Open elliottslaughter opened 2 months ago
Can you try this again now that the inordercommit
branch has merged? I think this line of code doesn't exist anymore.
Here's what I'm hitting now:
[1 - 7f7f0c144c40] 0.340909 {5}{runtime}: [error 61] LEGION ERROR: Invalid region handle (4c,2,2) for region requirement 0 of task void_leaf (ID 41) (from file /scratch/eslaught/fuzzer/legion/runtime/legion/legion_tasks.cc:1097)
Backtrace:
#7 0x00007f07b123c27a in Legion::Internal::Runtime::report_error_message (id=id@entry=61, file_name=file_name@entry=0x7f07b17ca460 "/scratch/eslaught/fuzzer/legion/runtime/legion/legion_tasks.cc", line=line@entry=1097,
message=message@entry=0x7f073290a4a0 "Invalid region handle (4c,2,2) for region requirement 0 of task void_leaf (ID 37)") at /scratch/eslaught/fuzzer/legion/runtime/legion/runtime.cc:32155
#8 0x00007f07b10c6125 in Legion::Internal::TaskOp::perform_privilege_checks (this=this@entry=0x7f073400f260) at /scratch/eslaught/fuzzer/legion/runtime/legion/legion_tasks.cc:1097
#9 0x00007f07b10e0367 in Legion::Internal::IndividualTask::perform_base_dependence_analysis (this=this@entry=0x7f073400f260) at /scratch/eslaught/fuzzer/legion/runtime/legion/legion_tasks.cc:6074
#10 0x00007f07b10e037d in Legion::Internal::IndividualTask::trigger_dependence_analysis (this=0x7f073400f260) at /scratch/eslaught/fuzzer/legion/runtime/legion/legion_tasks.cc:6064
#11 0x00007f07b0f98763 in Legion::Internal::Operation::execute_dependence_analysis (this=0x7f073400f410) at /scratch/eslaught/fuzzer/legion/runtime/legion/legion_ops.cc:1605
#12 0x00007f07b0eb1e9b in Legion::Internal::InnerContext::process_dependence_stage (this=0x7f0734010ec0) at /scratch/eslaught/fuzzer/legion/runtime/legion/legion_context.cc:8426
#13 0x00007f07b12c4878 in Legion::Internal::Runtime::legion_runtime_task (args=0x7f0730009520, arglen=12, userdata=<optimized out>, userlen=<optimized out>, p=...) at /scratch/eslaught/fuzzer/legion/runtime/legion/runtime.cc:32300
#14 0x00007f07aff47e95 in Realm::LocalTaskProcessor::execute_task (this=0x5584ac1cb710, func_id=4, task_args=...) at /scratch/eslaught/fuzzer/legion/runtime/realm/bytearray.inl:150
#15 0x00007f07aff99f23 in Realm::Task::execute_on_processor (this=0x7f07300093a0, p=...) at /scratch/eslaught/fuzzer/legion/runtime/realm/bytearray.inl:39
This is on Legion commit e20bb9f50c4c6715c39b4c749df076fa934e40b4
If you want to look at a process you can find it here:
Process 1260410 on node c0001.stanford.edu is frozen!

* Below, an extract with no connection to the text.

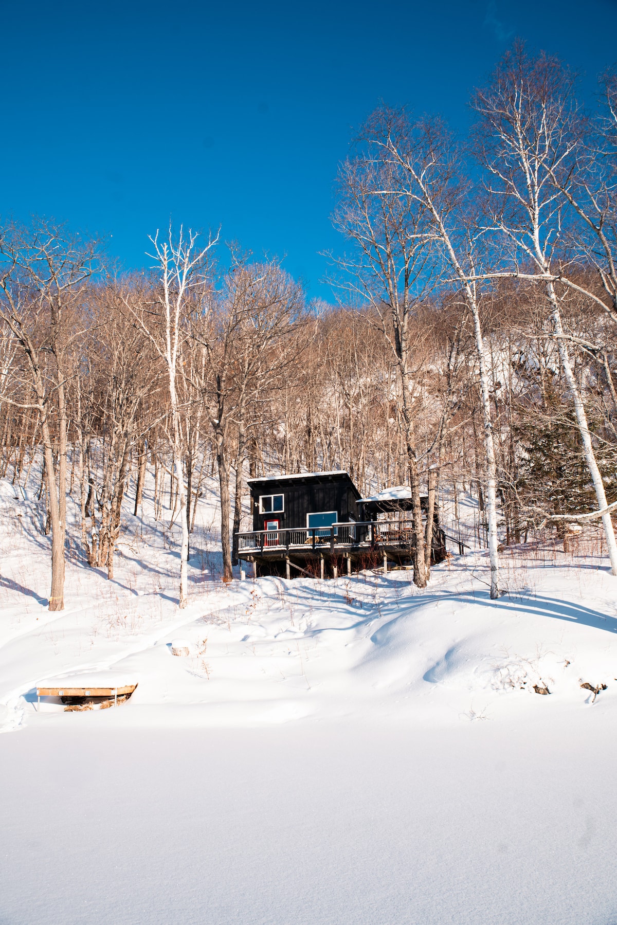 Casa de campo pintoresca y acogedora de 1 dormitorio escondida a lo largo de la costa sureste de un lago pequeño y tranquilo. Recientemente renovada, la cabaña es la escapada romántica perfecta. Se encuentra a 1 km de senderos para motos de nieve/quad, a 15 minutos de Bancroft y a 45 minutos del parque Algonquin. La cabaña incluye un muelle flotante con escalera de baño, barbacoa, chimenea de leña al aire libre, canoa, kayaks, chimenea de leña interior, televisión inteligente con satélite Starlink.
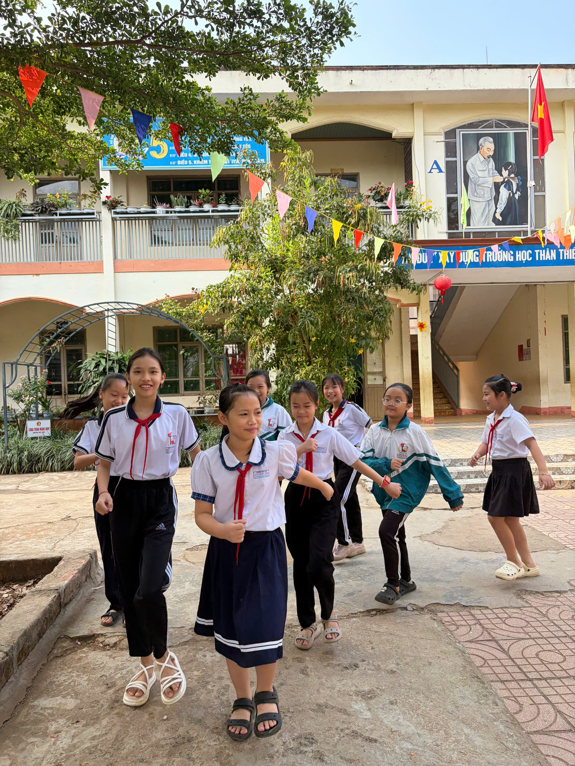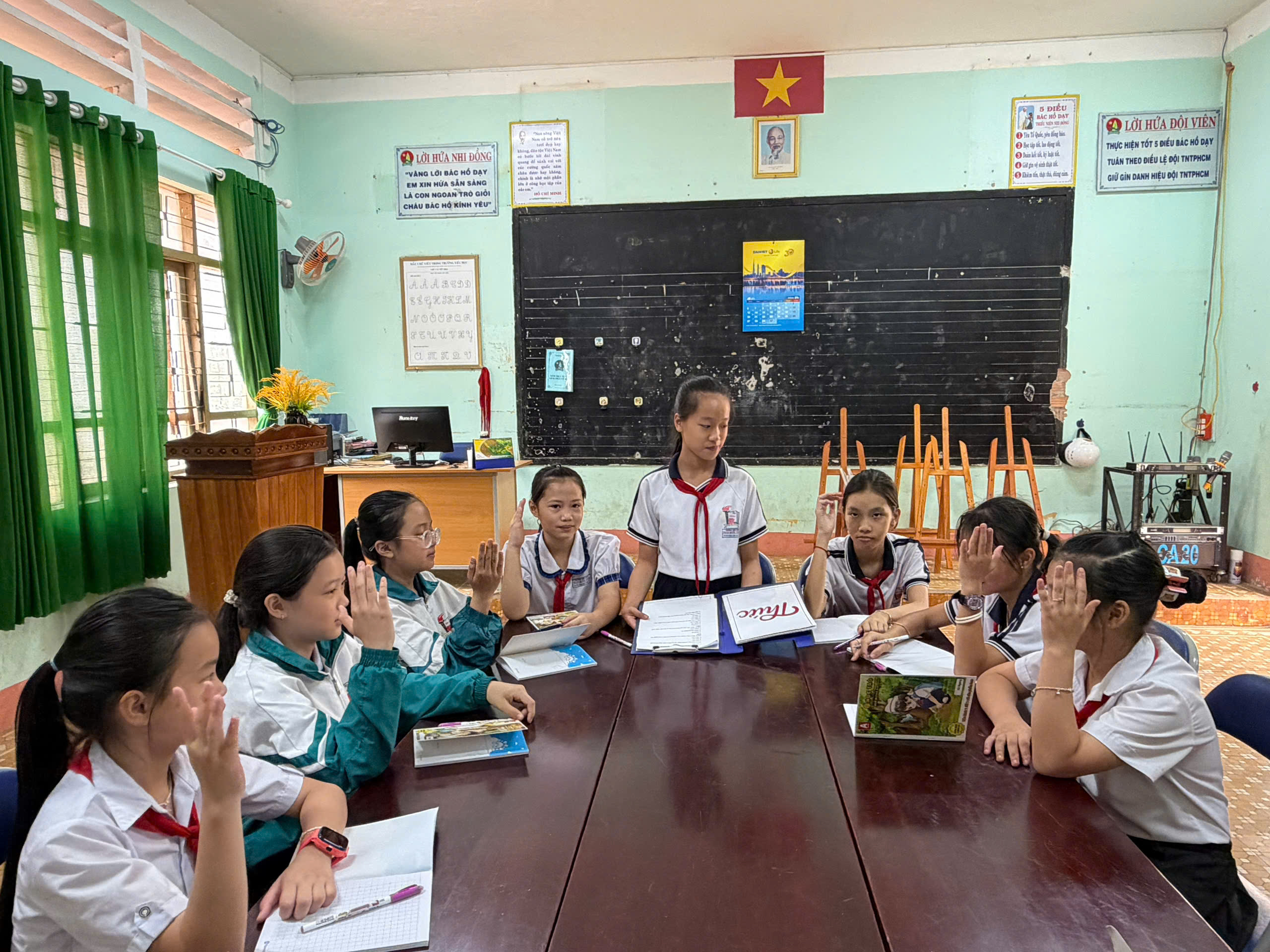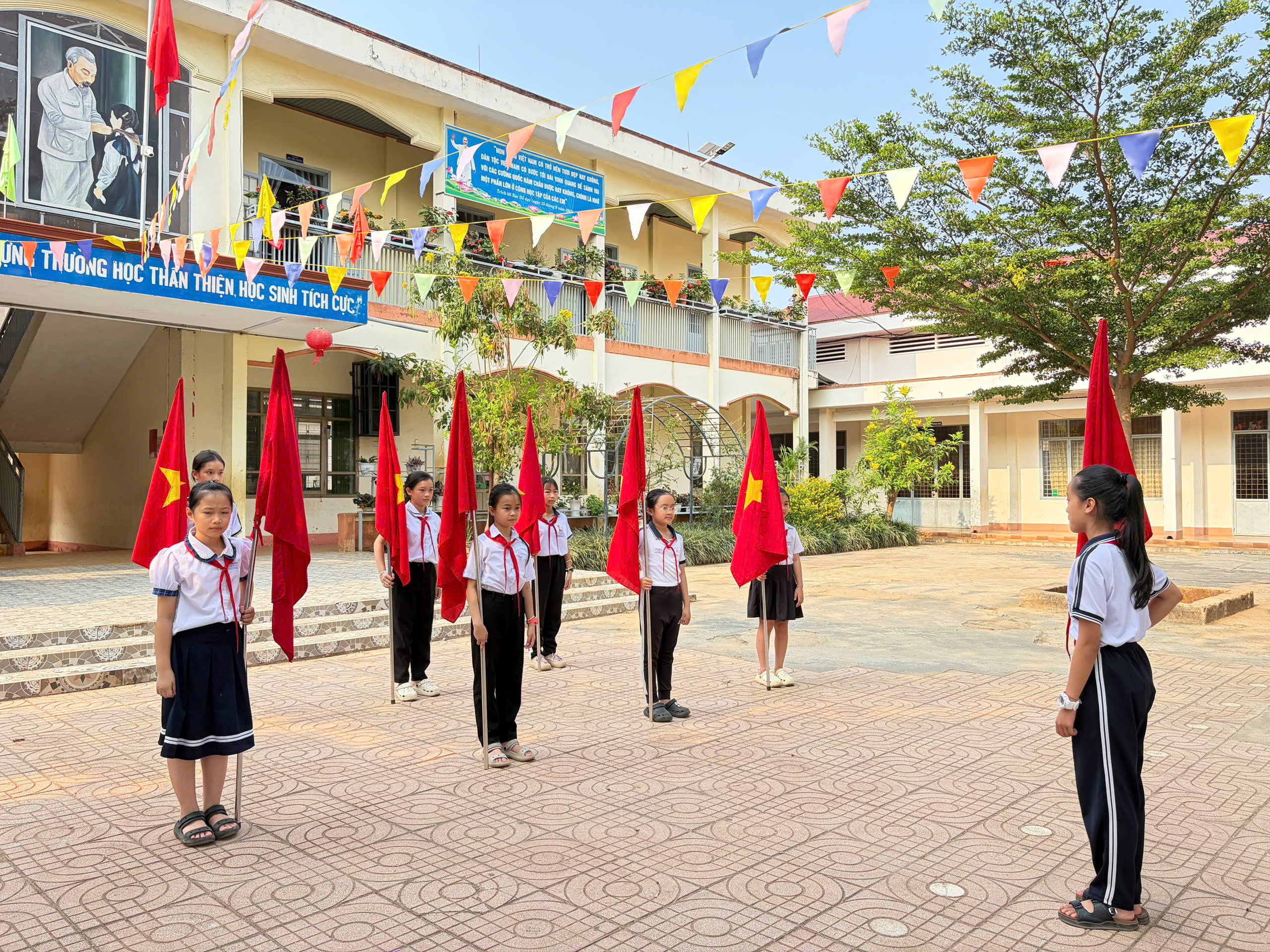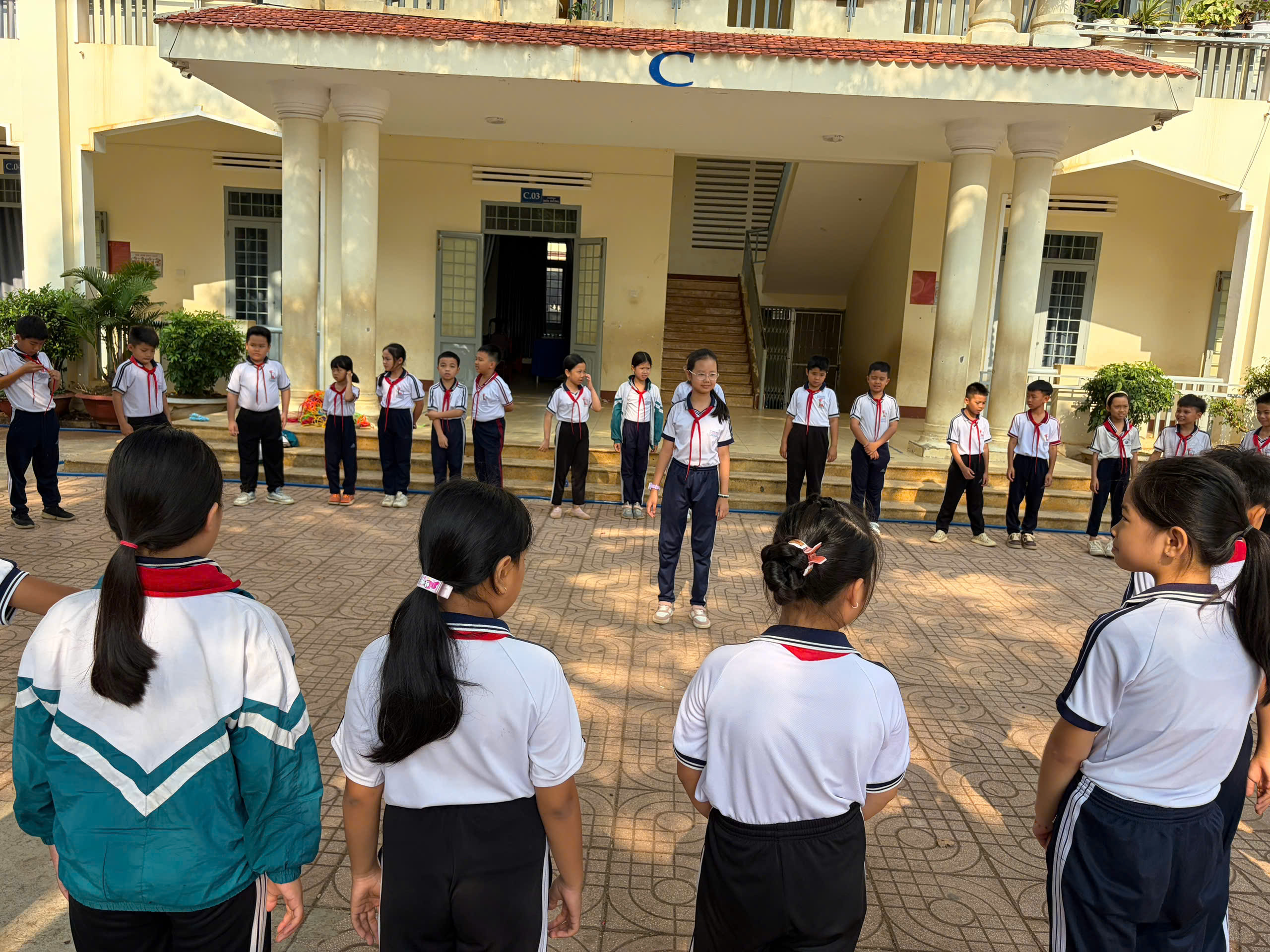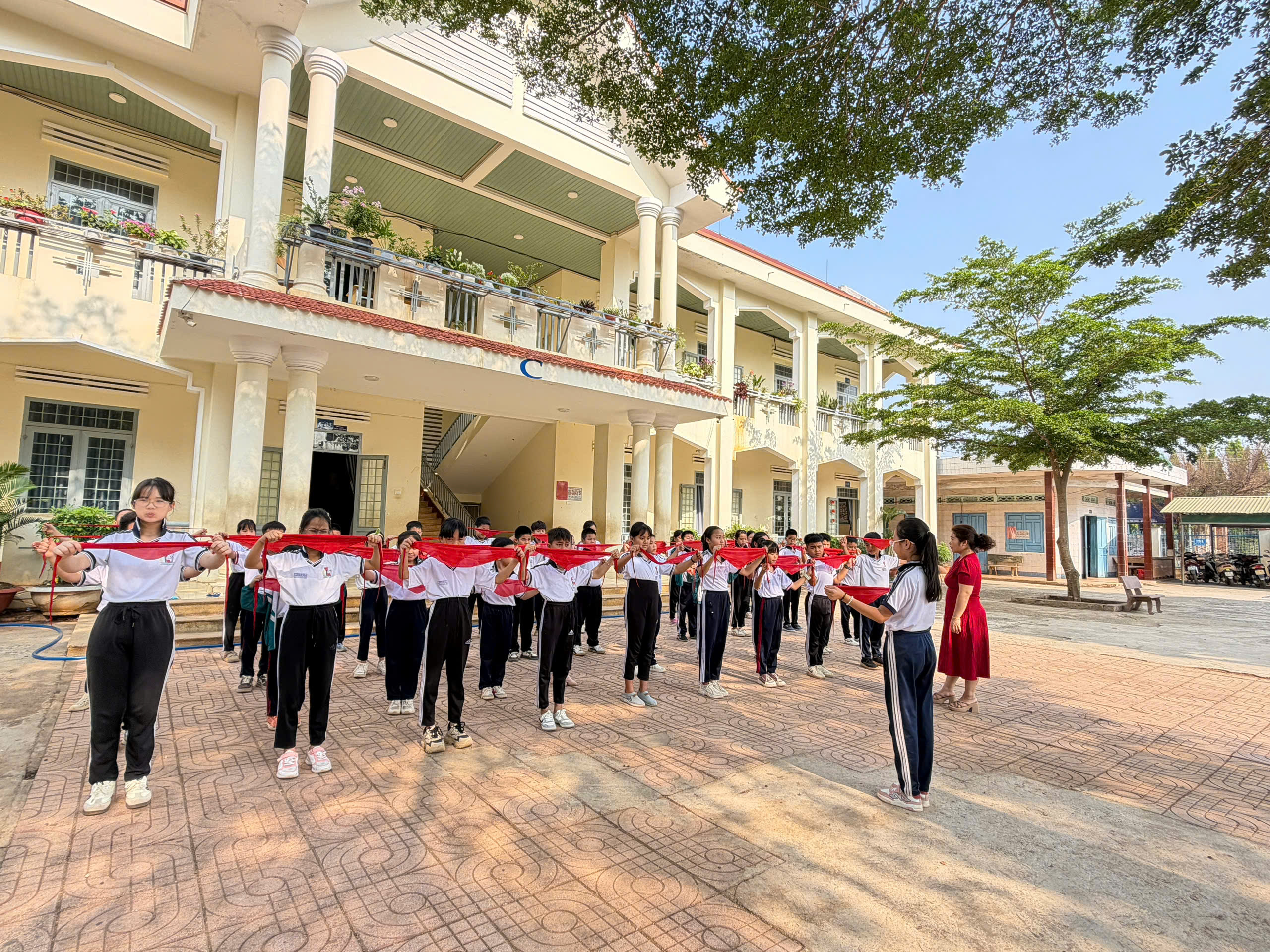 🇻🇳 Nghi thức Đội chuẩn mực: Ôn luyện các động tác cá nhân tại chỗ và di động, cách thắt – tháo khăn quàng đỏ. Tiếng trống Đội vang lên giòn giã khi các em thực hành các bài trống quy định (Chào cờ, Hành tiến, Chào mừng).

What commit of the fuzzer is this on, and what is the command line for reproducing it?
Fuzzer commit: https://github.com/StanfordLegion/fuzzer/commit/35b7448e945b831a84e7651bb12259e09b35028e (this is still the most recent version).
Command line for Sapling (assuming you want to run on a compute node):
salloc -n 1 -N 1 -c 40 -p cpu --exclusive
REALM_FREEZE_ON_ERROR=1 srun -n 2 build/src/fuzzer -fuzz:seed 0 -fuzz:ops 1000 -ll:util 2 -ll:cpu 3
I have a build on Sapling at /scratch/eslaught/fuzzer
that you can feel free to use if you want. The Legion for this build is under the legion
subdirectory, and the CMake build is in legion/build
. You can rebuild Legion with:
cd /scratch/eslaught/fuzzer/legion/build
make install -j20
cd ../../build
make clean
make -j20
This error mode has gone away now. However, when I run a larger number of tests I still see some very low probability, non-deterministic failures. They do not reproduce when I rerun, so the only way to see this happen is to run the parallel test framework so that we can thrash the machine as hard as possible.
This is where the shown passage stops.